[Collection entries]

┌────────

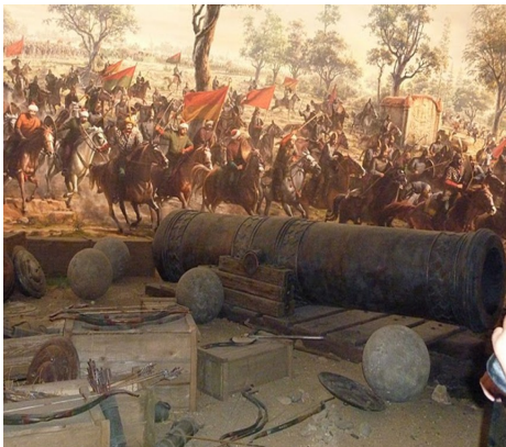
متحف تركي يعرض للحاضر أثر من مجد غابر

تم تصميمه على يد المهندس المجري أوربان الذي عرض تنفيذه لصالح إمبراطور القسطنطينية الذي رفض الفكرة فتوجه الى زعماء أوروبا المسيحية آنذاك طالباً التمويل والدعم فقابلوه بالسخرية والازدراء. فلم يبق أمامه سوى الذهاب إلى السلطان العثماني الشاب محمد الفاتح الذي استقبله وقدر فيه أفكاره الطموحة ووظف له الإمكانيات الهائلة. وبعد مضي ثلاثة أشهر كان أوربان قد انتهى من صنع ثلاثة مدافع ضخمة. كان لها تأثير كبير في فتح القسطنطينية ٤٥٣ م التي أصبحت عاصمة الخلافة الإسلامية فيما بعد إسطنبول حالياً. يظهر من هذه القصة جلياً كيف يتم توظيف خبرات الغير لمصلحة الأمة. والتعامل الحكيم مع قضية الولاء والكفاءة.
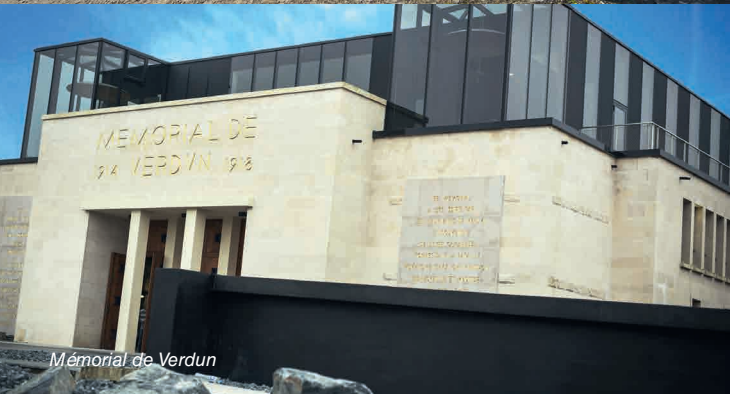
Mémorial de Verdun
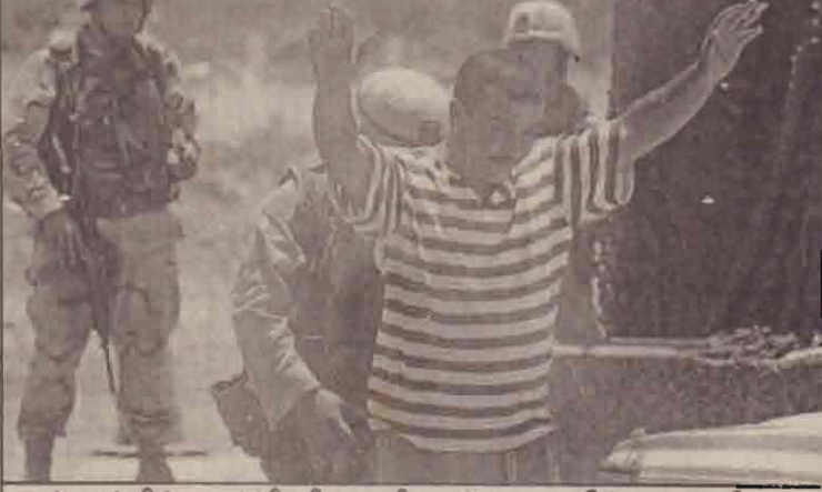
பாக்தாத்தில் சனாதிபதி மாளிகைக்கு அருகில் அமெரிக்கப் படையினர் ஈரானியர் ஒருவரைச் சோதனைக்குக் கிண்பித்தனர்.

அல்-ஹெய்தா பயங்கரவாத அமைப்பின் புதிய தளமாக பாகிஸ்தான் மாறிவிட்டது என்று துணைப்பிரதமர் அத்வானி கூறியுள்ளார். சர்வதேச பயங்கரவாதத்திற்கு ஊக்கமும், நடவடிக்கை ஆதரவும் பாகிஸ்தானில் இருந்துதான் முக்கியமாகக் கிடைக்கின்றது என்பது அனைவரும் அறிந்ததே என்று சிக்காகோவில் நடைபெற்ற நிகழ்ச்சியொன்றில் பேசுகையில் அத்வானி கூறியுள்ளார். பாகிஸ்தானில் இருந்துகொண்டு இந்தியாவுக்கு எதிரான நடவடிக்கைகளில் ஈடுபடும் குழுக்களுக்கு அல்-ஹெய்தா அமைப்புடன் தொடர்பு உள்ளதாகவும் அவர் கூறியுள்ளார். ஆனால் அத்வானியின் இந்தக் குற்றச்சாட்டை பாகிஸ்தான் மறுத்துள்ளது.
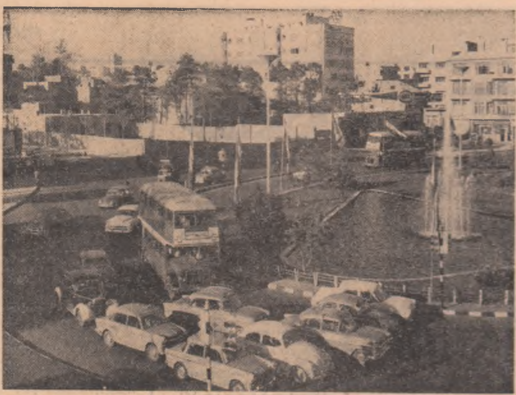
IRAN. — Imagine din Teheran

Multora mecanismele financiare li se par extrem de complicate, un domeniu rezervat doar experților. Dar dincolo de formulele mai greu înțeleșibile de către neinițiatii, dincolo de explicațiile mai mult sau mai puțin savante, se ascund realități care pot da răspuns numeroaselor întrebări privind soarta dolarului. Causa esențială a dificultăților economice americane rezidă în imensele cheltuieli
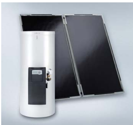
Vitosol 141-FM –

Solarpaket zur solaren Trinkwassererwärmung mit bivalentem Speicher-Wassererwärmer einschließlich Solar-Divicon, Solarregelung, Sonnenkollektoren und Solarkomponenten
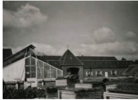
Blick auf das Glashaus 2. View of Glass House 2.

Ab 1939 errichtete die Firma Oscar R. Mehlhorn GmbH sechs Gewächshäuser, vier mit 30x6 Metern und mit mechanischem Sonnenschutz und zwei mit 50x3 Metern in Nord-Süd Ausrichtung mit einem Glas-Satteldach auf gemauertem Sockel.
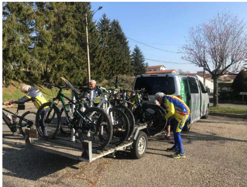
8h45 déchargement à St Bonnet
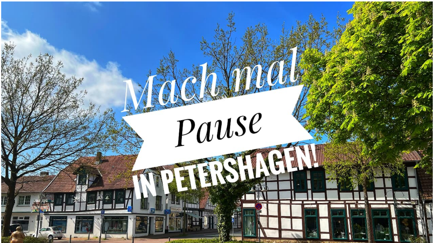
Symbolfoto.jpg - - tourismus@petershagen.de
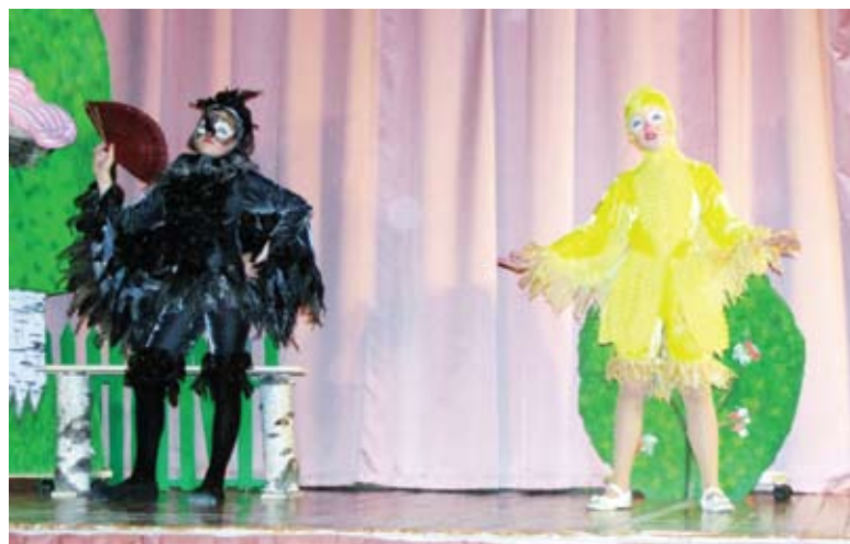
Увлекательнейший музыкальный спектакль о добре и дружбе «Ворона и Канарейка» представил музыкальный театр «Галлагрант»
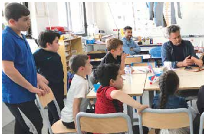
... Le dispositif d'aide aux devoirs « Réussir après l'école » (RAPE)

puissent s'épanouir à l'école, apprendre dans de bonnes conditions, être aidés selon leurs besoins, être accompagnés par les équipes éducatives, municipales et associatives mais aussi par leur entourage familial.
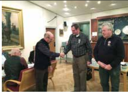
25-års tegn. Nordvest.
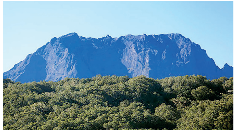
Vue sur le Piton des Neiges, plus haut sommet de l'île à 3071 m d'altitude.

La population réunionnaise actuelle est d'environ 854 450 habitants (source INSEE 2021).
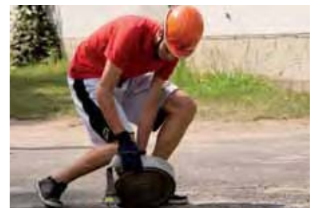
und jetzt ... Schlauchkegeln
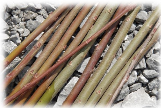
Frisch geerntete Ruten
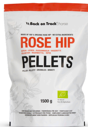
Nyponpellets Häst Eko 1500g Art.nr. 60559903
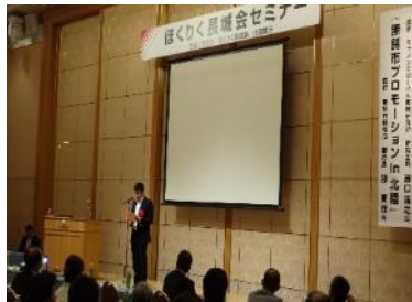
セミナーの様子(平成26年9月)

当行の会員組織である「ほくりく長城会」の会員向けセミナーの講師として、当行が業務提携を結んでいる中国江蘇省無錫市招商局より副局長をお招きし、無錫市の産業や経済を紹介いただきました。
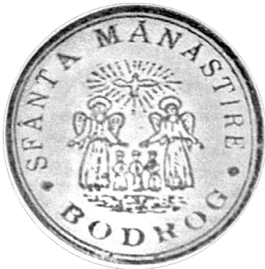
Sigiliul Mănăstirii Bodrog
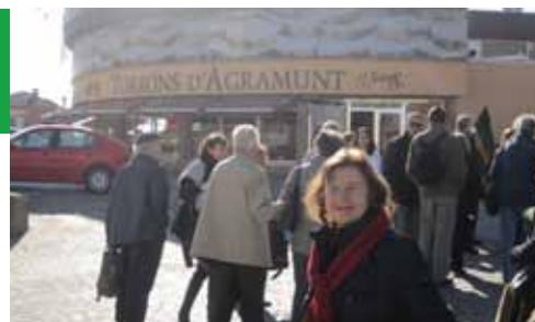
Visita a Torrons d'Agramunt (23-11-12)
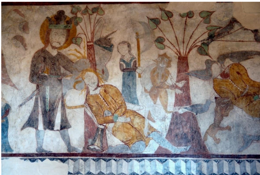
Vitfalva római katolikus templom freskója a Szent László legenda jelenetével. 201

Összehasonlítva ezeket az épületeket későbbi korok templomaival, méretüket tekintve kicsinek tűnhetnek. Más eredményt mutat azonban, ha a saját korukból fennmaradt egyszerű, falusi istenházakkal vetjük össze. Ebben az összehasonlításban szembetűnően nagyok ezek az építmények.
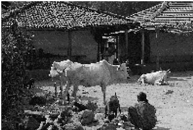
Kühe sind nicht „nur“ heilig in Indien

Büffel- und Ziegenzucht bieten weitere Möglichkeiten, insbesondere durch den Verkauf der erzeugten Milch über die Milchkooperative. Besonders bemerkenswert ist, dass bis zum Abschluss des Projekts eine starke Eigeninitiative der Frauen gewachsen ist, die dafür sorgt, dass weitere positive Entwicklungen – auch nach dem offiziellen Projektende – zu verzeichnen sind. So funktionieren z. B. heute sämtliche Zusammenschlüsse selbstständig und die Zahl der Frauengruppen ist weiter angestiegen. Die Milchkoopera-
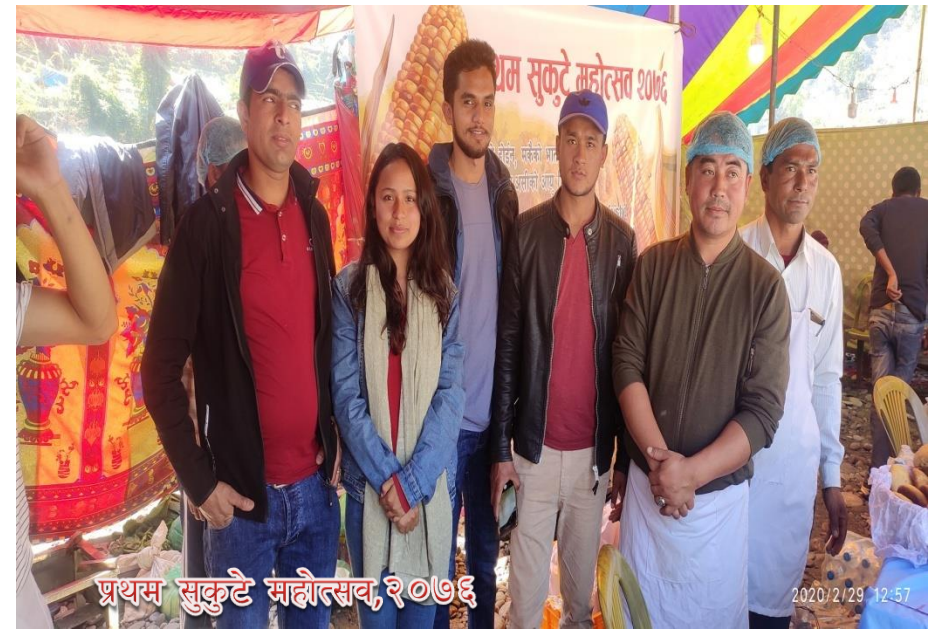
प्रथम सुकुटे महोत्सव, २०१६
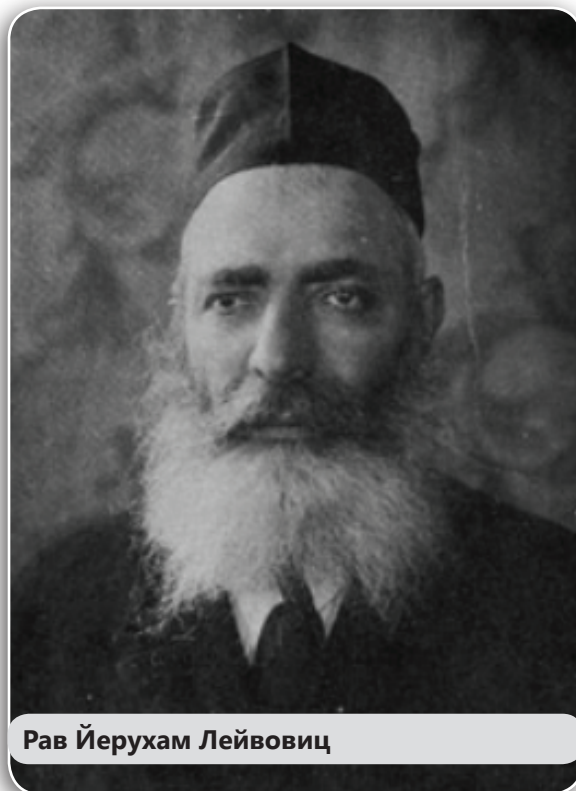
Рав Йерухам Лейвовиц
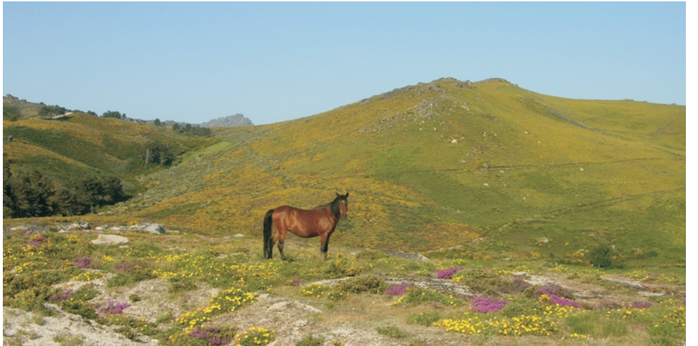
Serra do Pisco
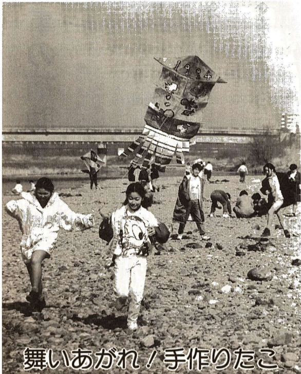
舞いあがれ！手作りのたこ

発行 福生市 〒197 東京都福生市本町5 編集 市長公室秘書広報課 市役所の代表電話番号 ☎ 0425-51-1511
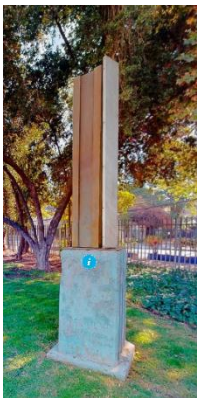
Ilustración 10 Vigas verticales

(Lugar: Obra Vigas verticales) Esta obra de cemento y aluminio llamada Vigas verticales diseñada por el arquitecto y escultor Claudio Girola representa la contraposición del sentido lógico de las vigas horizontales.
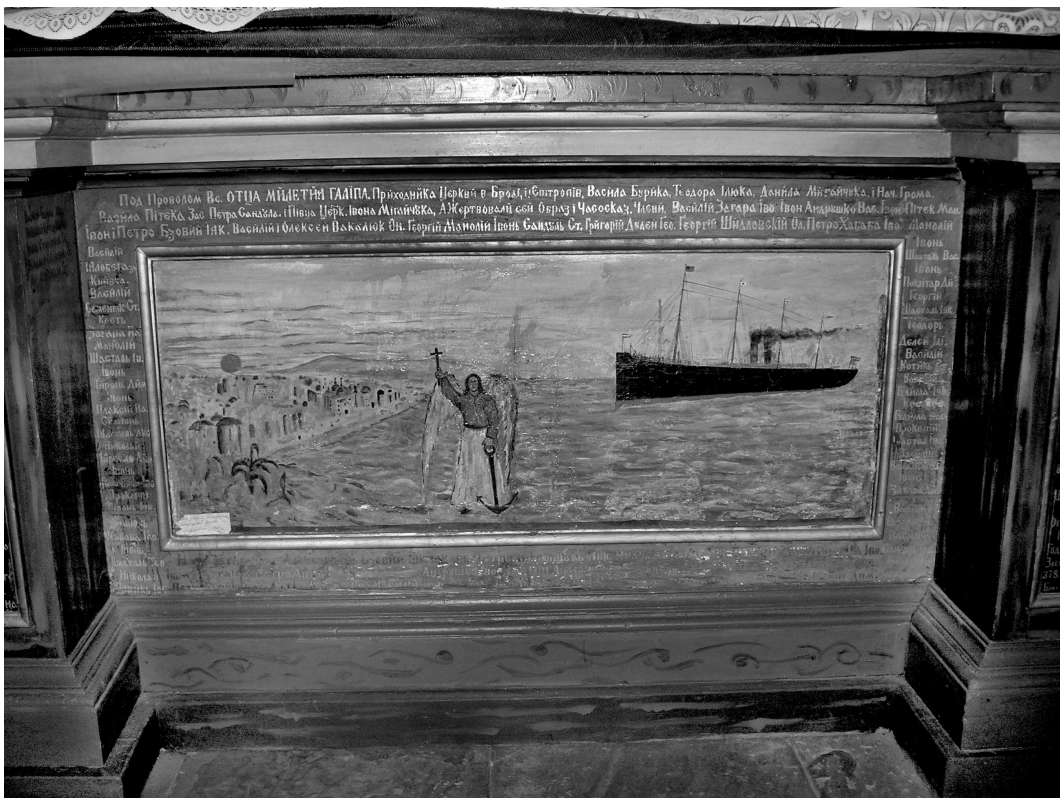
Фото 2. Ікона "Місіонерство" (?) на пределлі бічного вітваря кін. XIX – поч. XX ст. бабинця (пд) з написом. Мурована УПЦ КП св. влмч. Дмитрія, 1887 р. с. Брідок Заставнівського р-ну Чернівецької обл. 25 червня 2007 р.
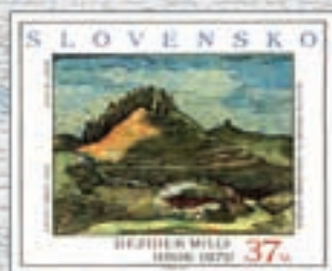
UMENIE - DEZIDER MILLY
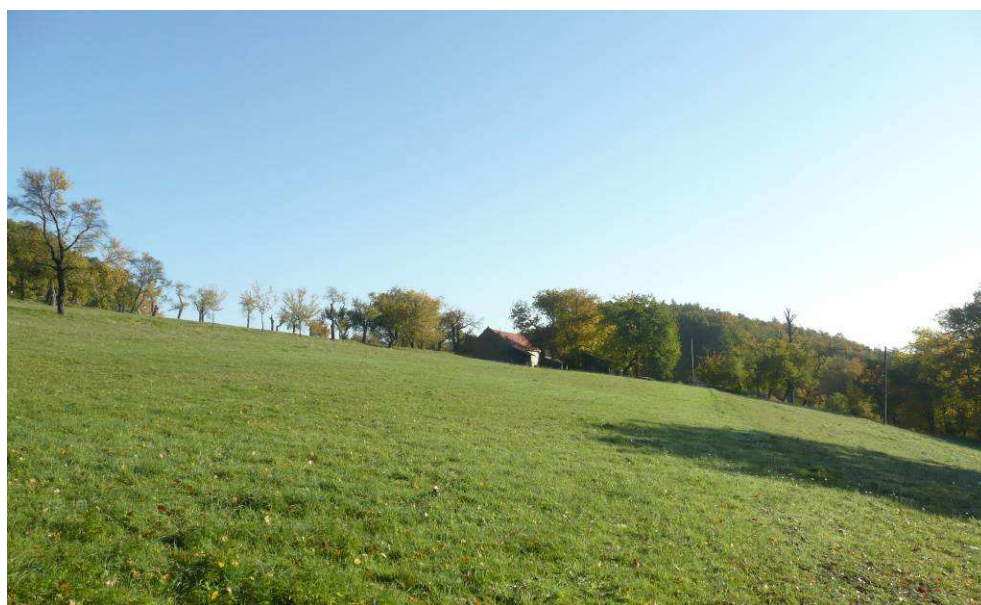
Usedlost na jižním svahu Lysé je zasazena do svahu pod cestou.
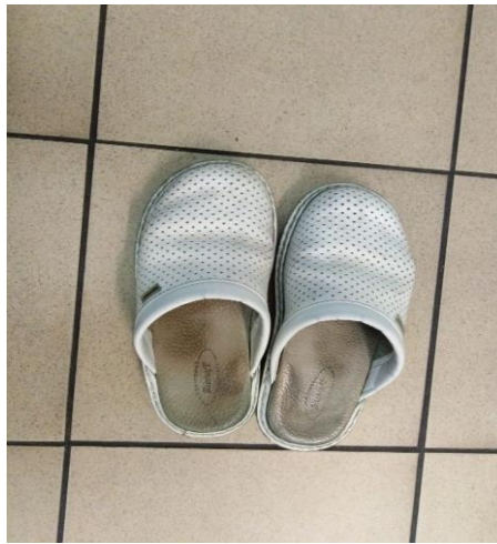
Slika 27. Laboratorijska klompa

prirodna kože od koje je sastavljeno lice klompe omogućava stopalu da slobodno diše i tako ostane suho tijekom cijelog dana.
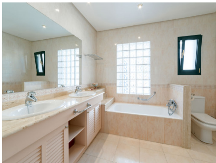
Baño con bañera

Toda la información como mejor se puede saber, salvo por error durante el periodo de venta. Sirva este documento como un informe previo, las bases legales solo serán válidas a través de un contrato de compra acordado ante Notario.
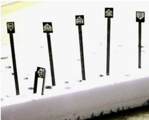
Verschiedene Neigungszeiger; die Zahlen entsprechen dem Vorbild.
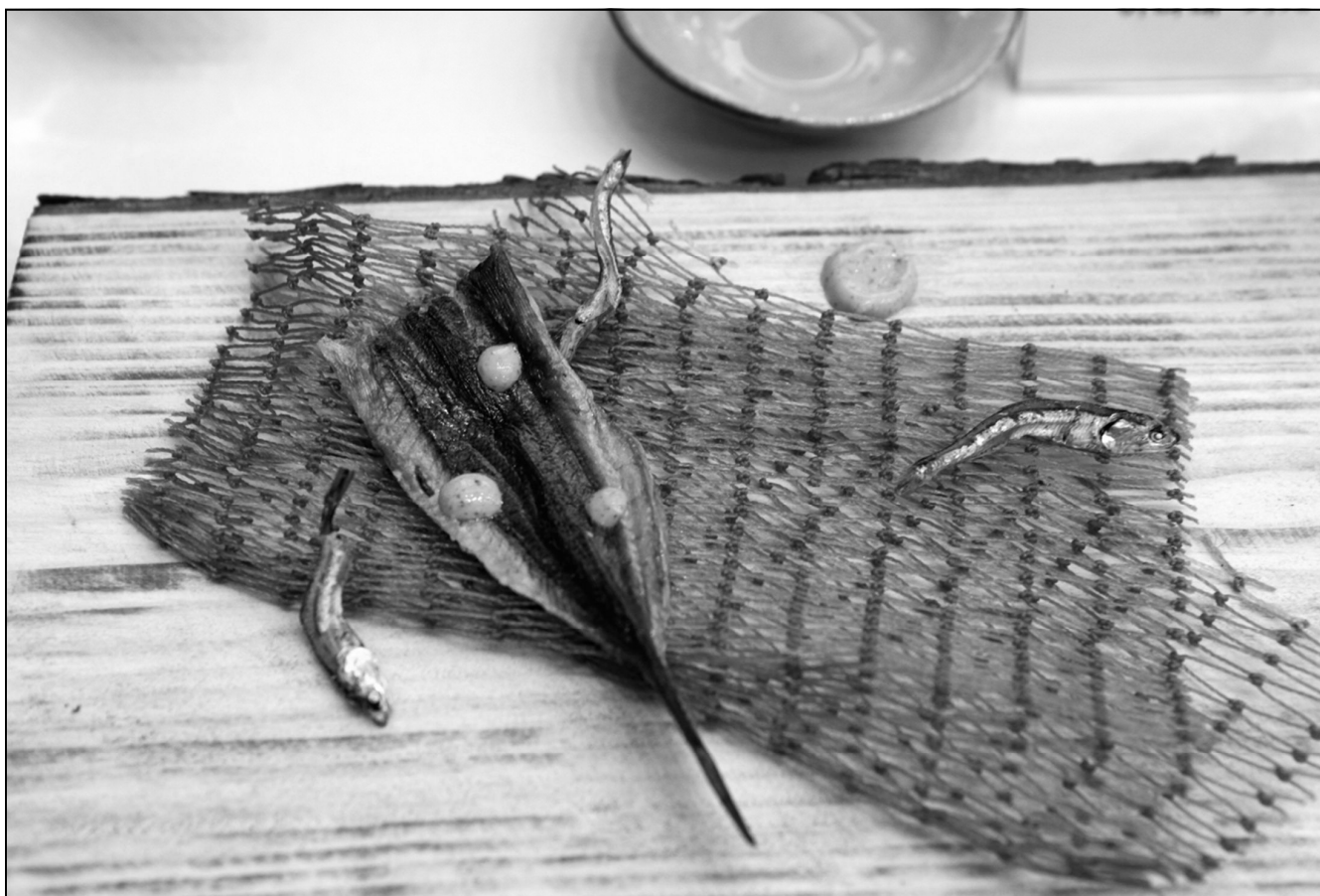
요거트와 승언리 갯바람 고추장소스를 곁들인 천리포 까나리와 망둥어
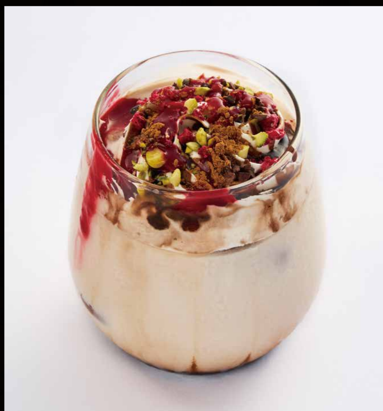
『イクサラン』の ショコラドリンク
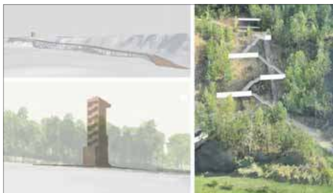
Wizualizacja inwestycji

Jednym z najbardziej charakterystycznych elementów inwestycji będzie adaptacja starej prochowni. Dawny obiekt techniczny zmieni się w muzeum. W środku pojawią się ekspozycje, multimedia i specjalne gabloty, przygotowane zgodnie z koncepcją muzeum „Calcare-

└────────

#### [Task details]
Starting at the line above that holds "Увлекательнейший музыкальный спектакль", repeat every line exactly down to and including the line that holds "Le dispositif d'aide", then stop. Do not carry over any pictures.

#### [Solution to this exercise]
Увлекательнейший музыкальный спектакль о добре и дружбе «Ворона и Канарейка» представил музыкальный театр «Галлагрант»
... Le dispositif d'aide aux devoirs « Réussir après l'école » (RAPE)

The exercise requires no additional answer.